To effectively confront advancing threats, organisations need to:

  • Embrace cloud-native protection: With the surge in cloud adoption, businesses must prioritise safeguarding cloud native applications. As outlined above, cloud environments have become prime targets for cyberattacks, necessitating comprehensive visibility into applications and APIs to mitigate misconfigurations and vulnerabilities. Leveraging Cloud Native Application Protection Platforms (CNAPPs) provide unified visibility, context, and control across an organisation’s entire cloud environment. It can automatically discover cloud assets, monitor communications between services, detect misconfigurations and compliance risks, and identify runtime threats targeting cloud workloads. Integrating a CNAPP is essential to securing cloud migrations by continuously monitoring for risks and protecting workloads across build, deployment and runtime.
  • Implement robust multi factor authentication (MFA):  In 2023, identity-based and social engineering attacks experienced a sharp uptick due to their high success rates. The repercussions of stolen credentials are swift and severe, granting adversaries immediate access and control – a direct pathway to a breach.
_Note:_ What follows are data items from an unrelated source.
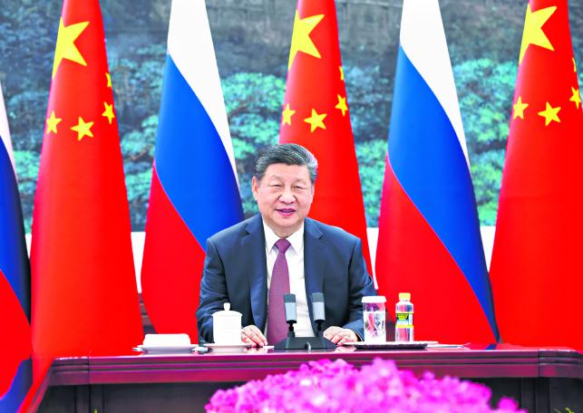 习近平表示,开年以来,国际形势愈发动荡。作为负责任大国和联合国安理会常任理事国,中俄两国有义务推动国际社会坚守公平正义,坚定捍卫二战胜利成果,坚决维护以联合国为核心的国际体系和国际法基本准则,携手维护全球战略稳定。
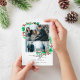 Moderna tarjeta fotográfica navideña de 3 fotos con Navidades acuarelas corona el ilustracion. Diseñado e ilustrado con amor por Kristine Lee Designs www.kristineleedesigns.com
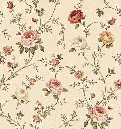 Kalafona Peel and Stick Wallpaper, Vintage Floral Wallpaper, Self-Adhesive Wallpaper For Kitchen Bedroom Bathroom Wall Cabinets Drawer Liners, Vinyl Waterproof Contact Paper,17.3"x393",CAVF06-10
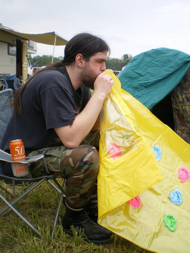 Soviel zur Umgebung...and now for something (partitially) completely different. Als wir um kurz nach 9 am VIP-Eingang eintrafen, um unsere Pässe zu holen, herrschte noch weitgehende Leere, und selbst der für den Empfang abgestellte Mitarbeiter traf erst ein paar Minuten später ein - noch nach Scared to Death und Benighted, welche sich direkt hinter uns mit ihren Vans einreihten und knapp zwei Stunden später bereits auf der Bühne zu stehen hatten, um die Meute anzuheizen. Dementsprechend genervt waren die beiden Truppen denn auch, als der berühmte Turban-Mann anfing, dem Orga-Mitarbeiter seine Lebensgeschichte zu erzählen (so zumindest mein Endruck). Die scheinbare morgendliche Verplantheit des Mitarbeiters trug sicher ebenfalls ihren Teil bei. Immerhin ließ sich die Zeit dazu nutzen, mit den Jungs von Scared to Death zu plauschen und ein paar ganz interessante Infos zu ergattern (zum Beispiel, dass es dieses Jahr noch zu einer Neuauflage der bereits tot geglaubten Metal Invasion kommen wird). Und schließlich wurde jeder doch noch bedient - Scared to Death verzogen sich in den Backstagebereich, um sich auf den Auftritt vorzubereiten und wir aufs Campinggelände, um unsere Heimstatt für die nächsten Tage aufzubauen, solange es noch trocken blieb.

To effectively combat these evolving threats, organisations must prioritise implementing phishing-resistant multi factor authentication. Adopting MFA provides critical protection against stolen credentials, which remain a prevalent threat actor. MFA requires users to verify their identity with additional factors such as one-time passcodes, biometric scans, or security keys. Implement MFA across all critical access points including VPNs, email, cloud apps, and privileged accounts. Educate users on enabling MFA and best practices.
  • Enhance enterprise visibility:  Combatting adversaries who exploit valid credentials requires a holistic view across identity, cloud, endpoint, and data protection telemetry. The proliferation of disparate security tools – averaging 45+ per enterprise – creates data silos and hampers visibility. Consolidating into a unified security platform equipped with AI capabilities streamlines operations, providing comprehensive visibility and facilitating swift breach detection and response.
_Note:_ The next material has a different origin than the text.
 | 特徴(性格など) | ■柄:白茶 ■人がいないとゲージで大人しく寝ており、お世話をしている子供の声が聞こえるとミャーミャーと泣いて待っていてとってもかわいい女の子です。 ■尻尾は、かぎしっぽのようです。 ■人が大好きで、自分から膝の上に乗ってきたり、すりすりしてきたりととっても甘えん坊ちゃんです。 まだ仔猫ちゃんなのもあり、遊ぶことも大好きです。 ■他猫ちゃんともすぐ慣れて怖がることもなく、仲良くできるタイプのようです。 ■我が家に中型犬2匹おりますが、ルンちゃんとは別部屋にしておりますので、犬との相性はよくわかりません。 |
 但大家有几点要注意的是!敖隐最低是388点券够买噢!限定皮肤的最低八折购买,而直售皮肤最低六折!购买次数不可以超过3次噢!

  • Boost operational efficiency: Adversaries move swiftly within compromised environments, demanding agility from defenders. Legacy SIEM solutions fall short in speed, complexity, and cost effectiveness. Therefore, it is important to adopt security platforms that are faster, simpler, and more cost-effective, provide consolidated detection and response capabilities across first and third party domains, and consider 24/7 managed detection and response (MDR) services for enhanced efficiency and threat detection. This reduces dwell time from months to minutes.
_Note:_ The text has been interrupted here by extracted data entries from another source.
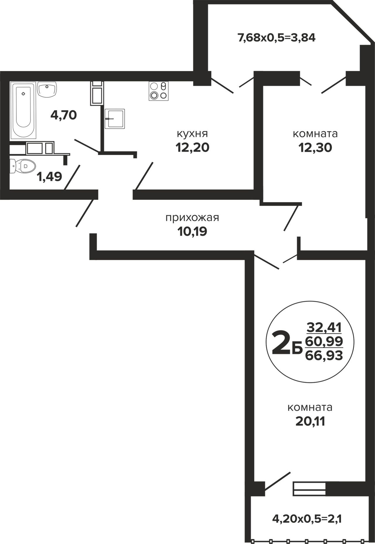 2-комнатная — 66,93 м² 10/24 эт. в Гулливер
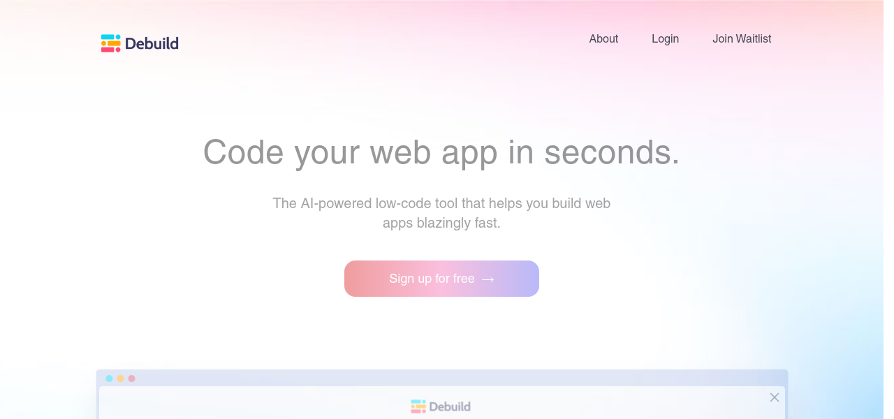 Debuild: AI-powered low-code platform for fast web app development without extensive coding.
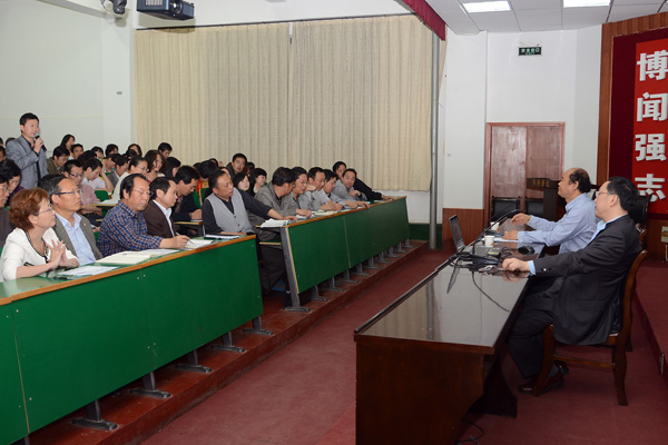 報(bào)告中,史秋衡教授縱橫分析了我國新型本科院校的現(xiàn)狀和發(fā)展走勢,結(jié)合國家中長期教育規(guī)劃和地方性本科院校的任務(wù),通過列舉大量數(shù)據(jù)和國外高校成功案例,認(rèn)為商洛學(xué)院要建設(shè)應(yīng)用型本科院校,就要創(chuàng)立高校與科研院所、行業(yè)、企業(yè)聯(lián)合培養(yǎng)人才的新機(jī)制;加強(qiáng)就業(yè)創(chuàng)業(yè)教育和就業(yè)指導(dǎo)服務(wù),改革招生、教學(xué)與就業(yè)模式;加強(qiáng)師生和教師間互動,深化內(nèi)部機(jī)構(gòu)改革,建立創(chuàng)意浮化機(jī)構(gòu)、文化提升機(jī)構(gòu)、人才推進(jìn)機(jī)構(gòu)、配套支持機(jī)構(gòu)、師生互動的保障機(jī)構(gòu);著力培養(yǎng)信念執(zhí)著、品德優(yōu)良、知識豐富、本領(lǐng)過硬的高素質(zhì)專門人才和拔尖創(chuàng)新人才。
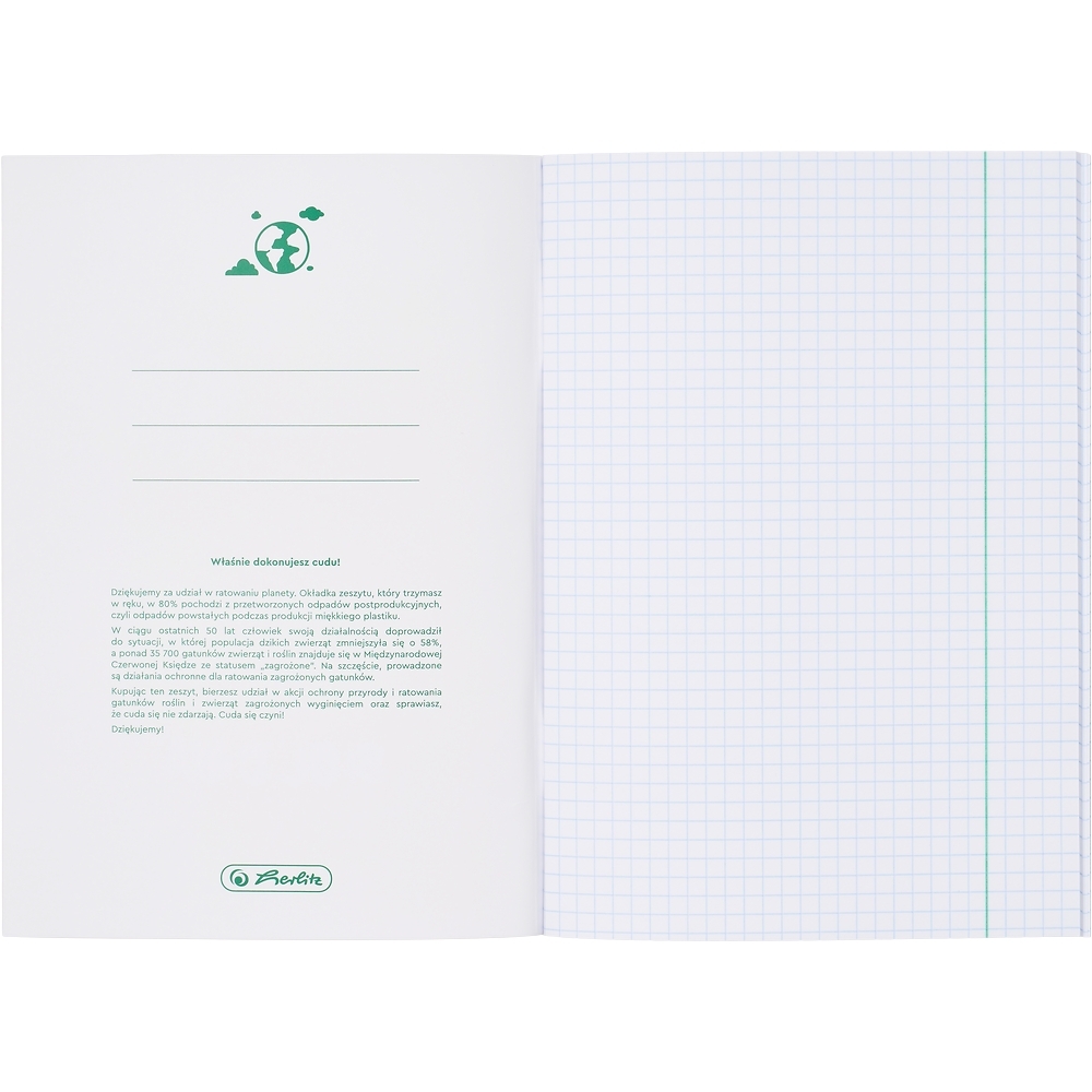 Zeszyty przedmiotowe Herlitz Eco PP to idealne rozwiązanie dla uczniów, którzy chcą łączyć funkcjonalność z dbałością o środowisko. Ich wyjątkowa konstrukcja opiera się na dwuwarstwowej okładce – zewnętrznej, wykonanej z mlecznego polipropylenu, oraz wewnętrznej, z zadrukowaną grafiką przedmiotową. Co ważne, aż 30% materiału pochodzi z przetworzonych odpadów pokonsumenckich, takich jak sieci rybackie, liny i włókna morskie wyłowione z oceanów. Okładka jest wodoodporna i trwała, dzięki czemu nie wymaga dodatkowych osłon – skutecznie chroni zawartość zeszytu nawet przy intensywnym użytkowaniu. Niebieska liniatura z zielonym marginesem doskonale wpisuje się w ekologiczny styl kolekcji, a na stronie tytułowej znajduje się adresówka do podpisania, natomiast wewnątrz – ściągi z wybranego przedmiotu.
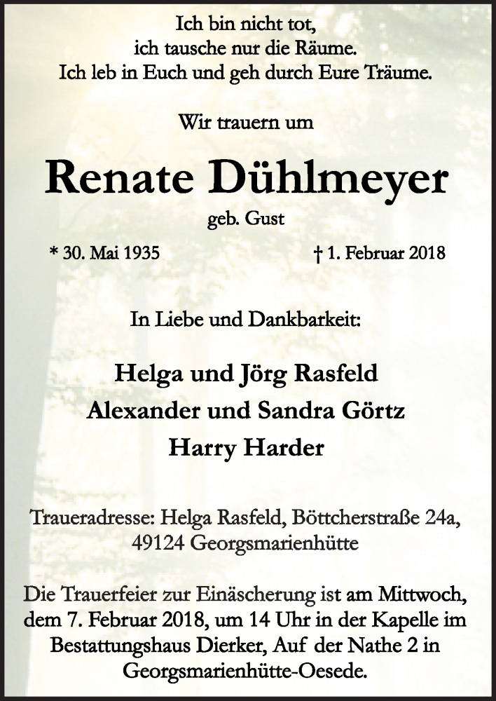 Hier finden Sie alle Traueranzeigen aus der Zeitung, die bisher für Renate Dühlmeyer erschienen sind. Weitere Traueranzeigen, die in der Zeitung erscheinen, werden hier ebenfalls aufgelistet
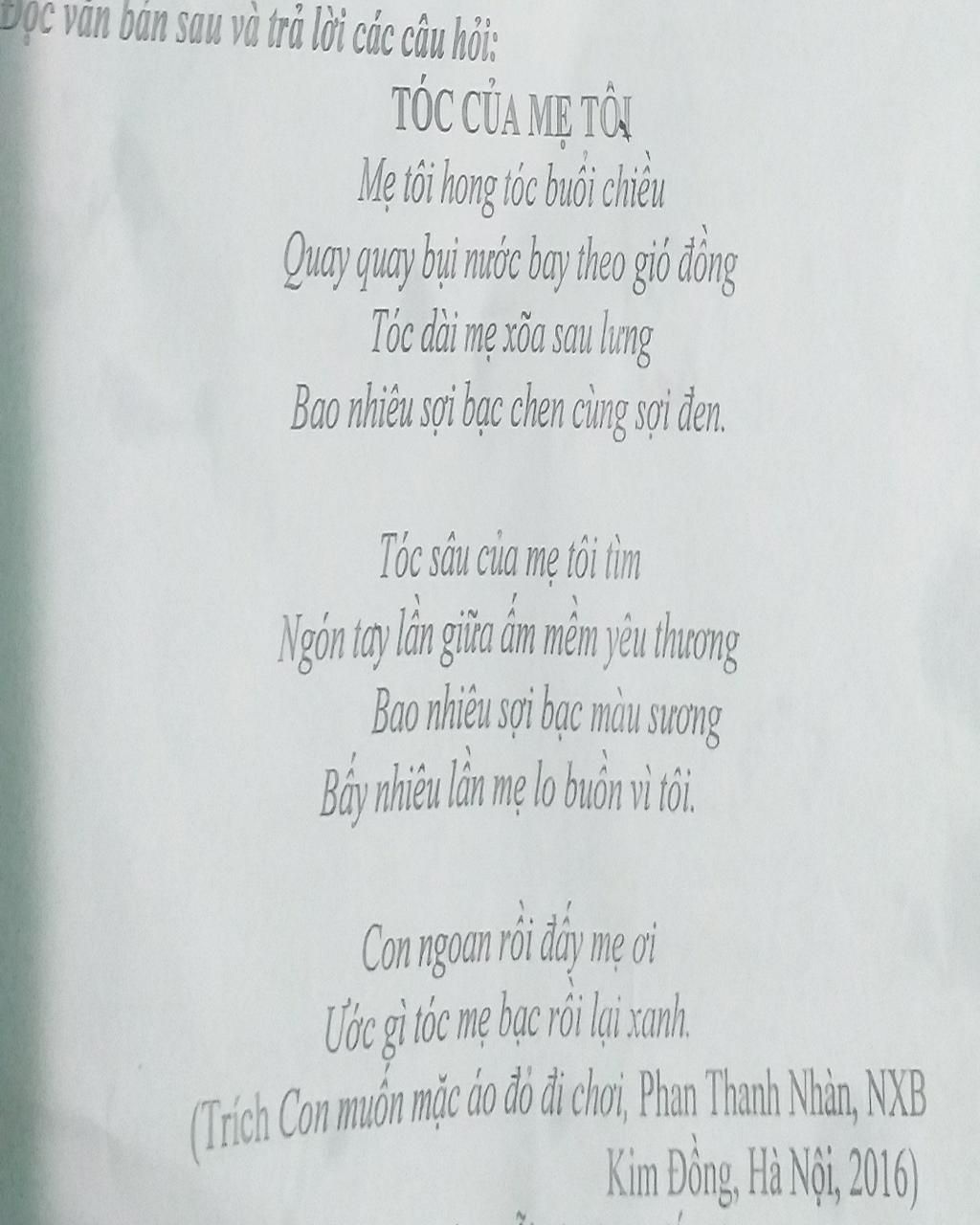 Bài thơ "Tóc của mẹ tôi" khiến em dâng trào những cảm xúc khó tả về sự hy sinh thầm lặng của mẹ. Mỗi sợi tóc bạc trong bài thơ không chỉ là dấu hiệu của thời gian mà còn là minh chứng cho những nỗi lo, những vất vả mà mẹ đã trải qua vì con. Đọc bài thơ, em cảm nhận được tấm lòng bao la và sự hi sinh của mẹ, và càng thêm yêu quý mẹ hơn bao giờ hết. Mong muốn của em là sẽ cố gắng học tập thật tốt, sống có ích để mẹ bớt lo lắng, chăm sóc mẹ nhiều hơn trong những năm tháng mẹ đã dành cả đời cho con. Em sẽ luôn là niềm vui và nguồn động lực của mẹ để mái tóc mẹ không phải thêm sợi bạc nào nữa.

  • Foster a cybersecurity culture: While technology is pivotal, user awareness remains vital in breach prevention. Initiate user awareness training programs to combat phishing, social engineering, and other threats. Promote a culture of continuous improvement through tabletop exercises and red/blue teaming. Red team simulations reveal response gaps against real-world attacks. Use these results to improve detection and response capabilities. A culture focused on security strengthens readiness against attacks.

With threat actors constantly evolving their tactics, techniques and procedures (TTPs), organisations must stay agile and use intelligence to inform defenses. Leveraging solutions that enhance visibility, AI and automate processes will be key to cost-effectively fighting today’s advanced threats. But it also takes vigilance, training and collaboration across security teams to beat attackers at their own game.